Negations turn the associativity and distributivity of ∧ and ∨, into various
tautologies involving implications:
(A ⇒ (B ⇒ C)) ⇔ ((A ∧ B) ⇒ C)
(A ⇒ (B ∨ C))
⇔ ((A ⇒ B) ∨ C)
(A ⇒ (B ∧ C)) ⇔ ((A ⇒ B) ∧ (A ⇒ C))
((A ∨ B) ⇒ C) ⇔
((A ⇒ C) ∧ (B ⇒ C))
((A ⇒ B) ⇒ C) ⇔
((A ∨ C) ∧ (B ⇒ C))
(A ∧ (B ⇒ C)) ⇔
((A ⇒ B) ⇒ (A ∧ C))
Finally, (A ⇒ B)
⇒ ((A∧C) ⇒ (B∧C))
(A ⇒ B) ⇒
((A∨C) ⇒ (B∨C)).
Chains of implications and equivalences
In a different kind of abbreviation, any chain of formulas
linked by ⇔ and/or ⇒ will mean the chain of conjunctions of these
implications or equivalences between adjacent formulas:
(A ⇒ B
⇒ C) ⇔ ((A ⇒ B) ∧ (B ⇒ C)) ⇒
(A ⇒ C)
(A ⇔ B ⇔ C) ⇔ ((A ⇔ B) ∧ (B
⇔ C)) ⇒ (A ⇔ C)
0 ⇒ A ⇒ A ⇒ 1
(¬A) ⇔ (A ⇒ 0) ⇔ (A ⇔ 0)
(A ∧ 1) ⇔ A ⇔ (A ∨ 0) ⇔ (1 ⇒ A) ⇔ (A
⇔ 1)
(A ∧ B) ⇒ A ⇒ (A ∨ B)
1.7. Classes in set theory
In any system, a class is a unary
predicate A seen as the set of objects where A is true, that is «the
class of all x such that A(x)».
In a set theoretical universe,
each set E is synonymous with the class of the x such that x∈E
(defined by the formula x∈E with argument x and parameter E).
However, this involves two different interpretations of the notion of set,
that need to be distinguished as follows.
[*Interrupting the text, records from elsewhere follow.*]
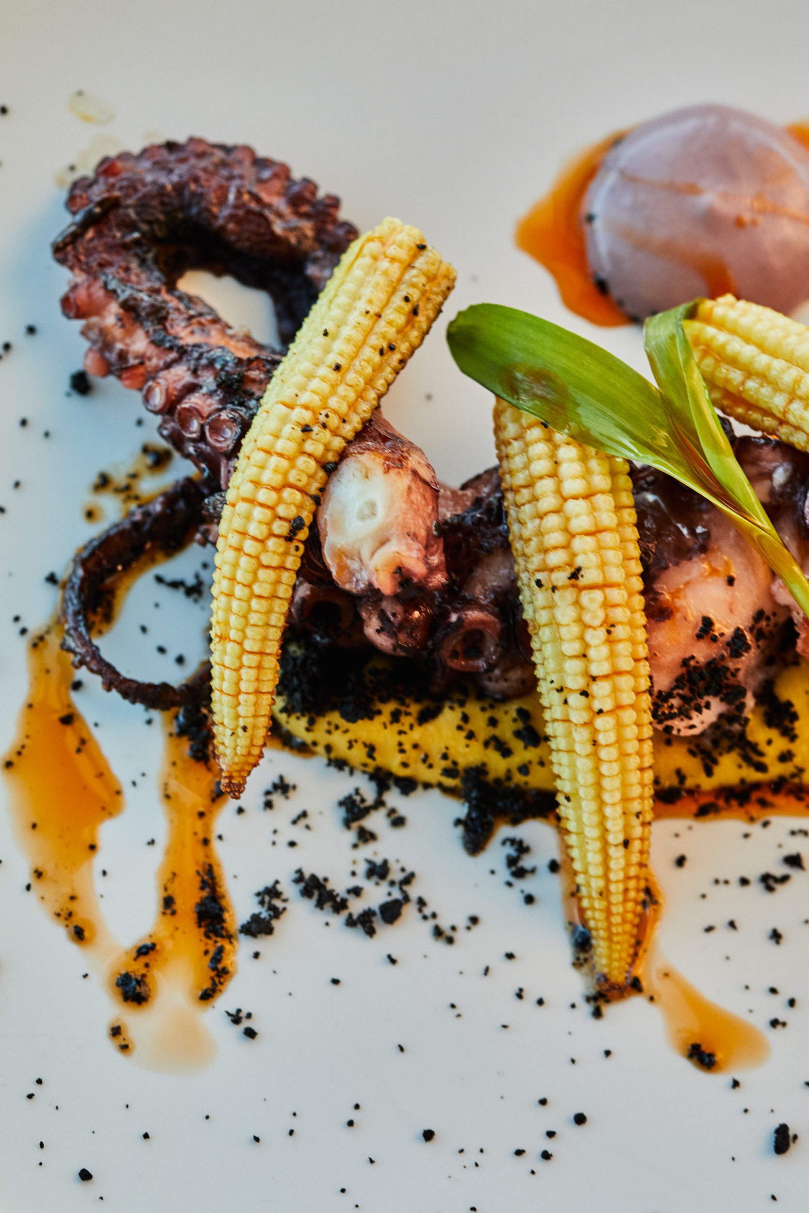 La propuesta gastronómica fusiona audacia y técnica en platos como los Tacos de mollejas y el Bourguignon de atún rojo. La influencia global se siente en la Corvina thai con coco, curry y hierbas aromáticas. Los sabores cálidos del otoño llegan con el Arroz meloso de carrilleras ibéricas, el Guiso de setas de temporada y el Pulpo con maíz, culminando con el lujo del Solomillo de vaca con foie y trufa.
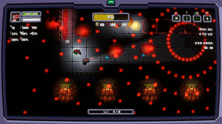 Deep Down Dinos is a 2D top-down shooting roguelite where players explore unknown depths shrouded in darkness. On a narrow, confined exploration lift, players must fend off waves of enemies while venturing as deep as possible.
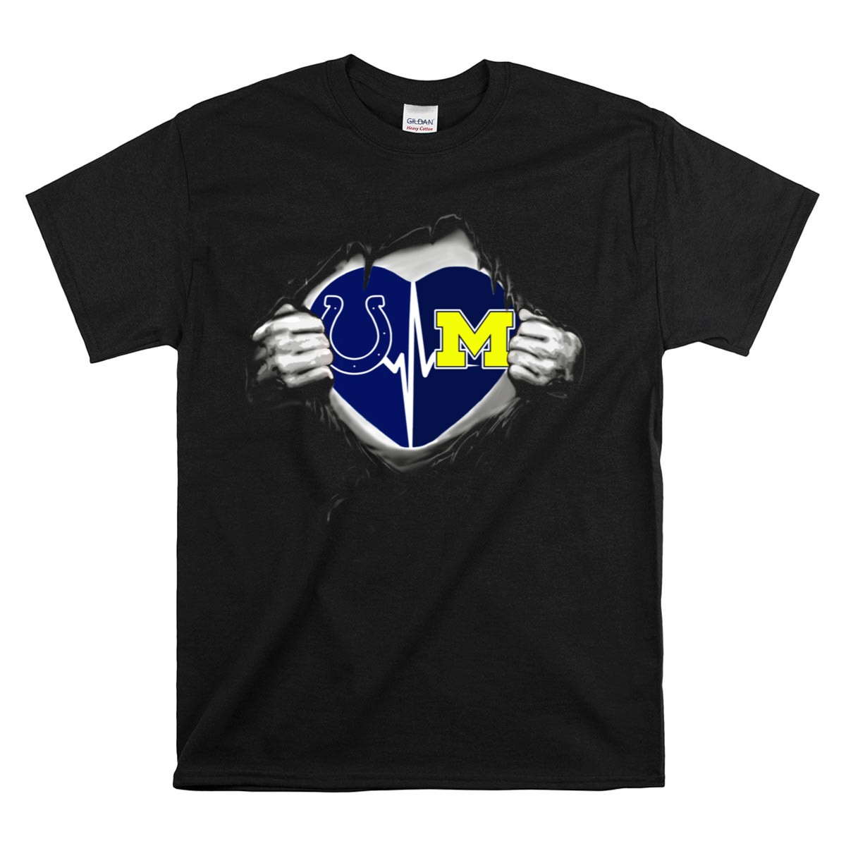 Show your love for both the Michigan Wolverines and the Indianapolis Colts with this unique Heartbeat Logo Fusion T-Shirt. Perfect for fans who want to express their team spirit in a stylish and comfortable way, this shirt is ideal for casual outings, themed events, or simply lounging at home. Made with a fan-made design that showcases your dual allegiance, it’s printed in the USA for quality you can trust.

Standard universes and meta-sets
Interpreting (inserting)
set theory into itself, involves articulating two interpretations (models) of set theory, which
will be distinguished by giving the meta- prefix to the one used as framework. Aside generic
interpretations, set theory has a standard kind of interpretations into itself, where each
set is interpreted by the class (meta-set) of its elements (the synonymous set and
meta-set, i.e. with the same elements, are now equal), and each function is interpreted
by its synonymous meta-function.
This way, any set will be a class, while any class is a meta-set of objects. But some
meta-sets of objects are not classes (no formula with parameters can define them ;
giving examples would be paradoxical as it would mean defining something
undefinable, yet 1.B
introduces such possibilities);
and some classes are not sets, such as the class of all sets (see Russell's
paradox in 1.8), and the universe (class of all objects, defined by 1).
Definiteness classes
Set theory accepts all objects as «elements» that can belong to sets and be
operated by functions (to avoid endless further divisions between sets of
elements, sets of sets, sets of functions, mixed sets...). This might be formalized
keeping 3 types (elements, sets and functions), where each set would have a
copy as element, identified by a functor from sets to elements, and the same for
functions. But beyond these types, our set theory will anyway need more
notions as domains of its structures, which can only be conveniently formalized
as classes. So, let us keep "element" as the only type containing all objects, and
formalize the notions of set and function as classes named by predicate symbols:
Set = «is a set»
Fnc = «is a function»
In first-order logic, any expression is ensured to take a definite value, for
every data of a model and values of all free variables there (by virtue of its
syntactic correction, that is implicit in the concept of «expression»).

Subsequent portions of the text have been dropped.